24 June 2005  •  Author(s): Tony Yeung, Chairman, Commission on Information Technology and Innovation, UITP

Electronic Ticketing (ET) systems have been implemented for years in major public transport networks, whether in Europe (London and Paris), in Asia (Hong Kong and Singapore) or in South America (Santiago de Chile) and many companies around the world intend to follow this path. But now that these systems have been implemented, can it be claimed that smartcards improve the efficiency and quality of the network? What are the benefits of ET for public transport authorities, operators and most importantly, passengers?

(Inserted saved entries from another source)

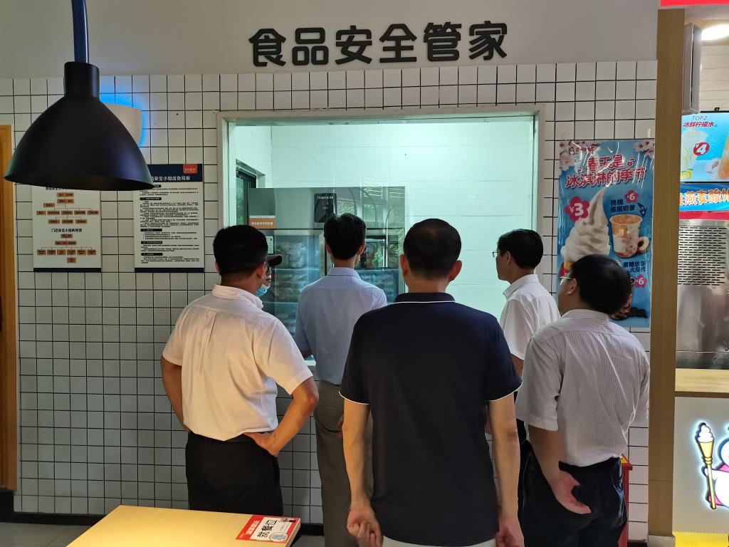 7月5日下午,校长孙芳城、副校长陈兴述深入学校各食堂,对食品安全、食堂管理等工作进行检查,资产管理处、后勤处等部门负责人陪同检查。
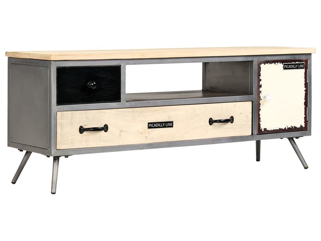 Stolek je vyroben z masivního mangovníkového dřeva, které bylo vyleštěno a nalakováno. Překrásná povrchová úprava dřeva mu propůjčuje rafinovaný vzhled. Díky nádherné kresbě dřeva je každý kus nábytku zcela jedinečný a lehce odlišný od ostatních. Tato TV skříňka disponuje pevnou a stabilní deskou, na kterou můžete umístit svou televizi, košík s ovocem, vázu nebo jiné dekorativní předměty. Nízká skříň je vybavena 2 zásuvkami, 1 přihrádkou a 1 skříňkou, jež vám poskytnou spoustu místa pro ukládání vašich multimediálních zařízení, knížek a dalších nejrůznějších věcí. Ocelový rám nejen přispívá k odolnosti a stabilitě stolku, ale zvýrazňuje také jeho industriální šarm. Montáž je snadná.
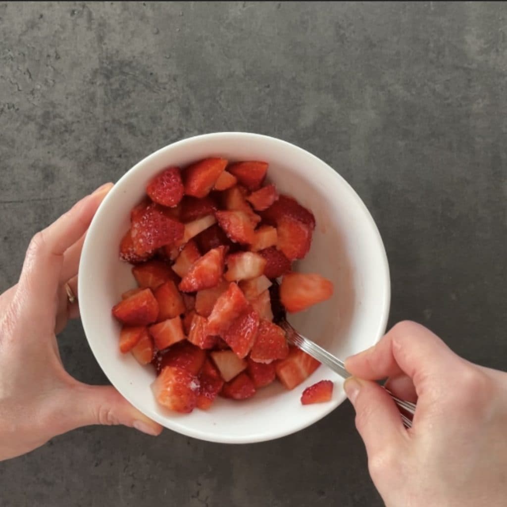 Prenez les fraises du frigo, versez dans un bol le jus de macération des fraises et gardez-le de côté. Ajoutez les morceaux de fraises à la crème et incorporez-les.
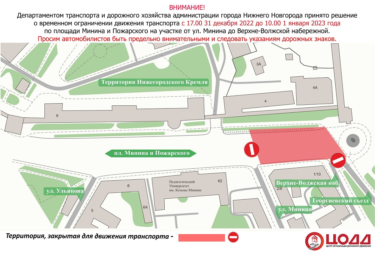 Движение транспорта на участке площади Минина и Пожарского в Нижнем Новгороде будет приостановлено с 17:00 31 декабря до 10:00 1 января, сообщили в департаменте транспорта и дорожного хозяйства администрации Нижнего Новгорода.

Local (and regional) authorities are nowadays faced with complex mobility issues. Their constituents expect them to find innovative, quick and affordable solutions to the massive problem of congestion, which has become a common situation in any city around the world. To this end, it appears that ET is a unique opportunity to achieve mobility in cities. ET systems are indeed the easiest way to create seamless journeys in public transport networks: passengers can hop on a bus, then take a local train or use the metro with the same ticket, but they can also change operator without even realising it. Transport authorities are then able to offer a unified fare media model, upgrading not only the efficiency but also the image of the transport network of their area of influence. In the same vein, they can introduce flexible and more complex tariffs, making a difference in fare prices for passengers travelling during peak hours or off peak hours, for instance. Citizens who are granted special rights, like students, elderly or disabled people, are also assured to benefit from a fare adapted to their situation.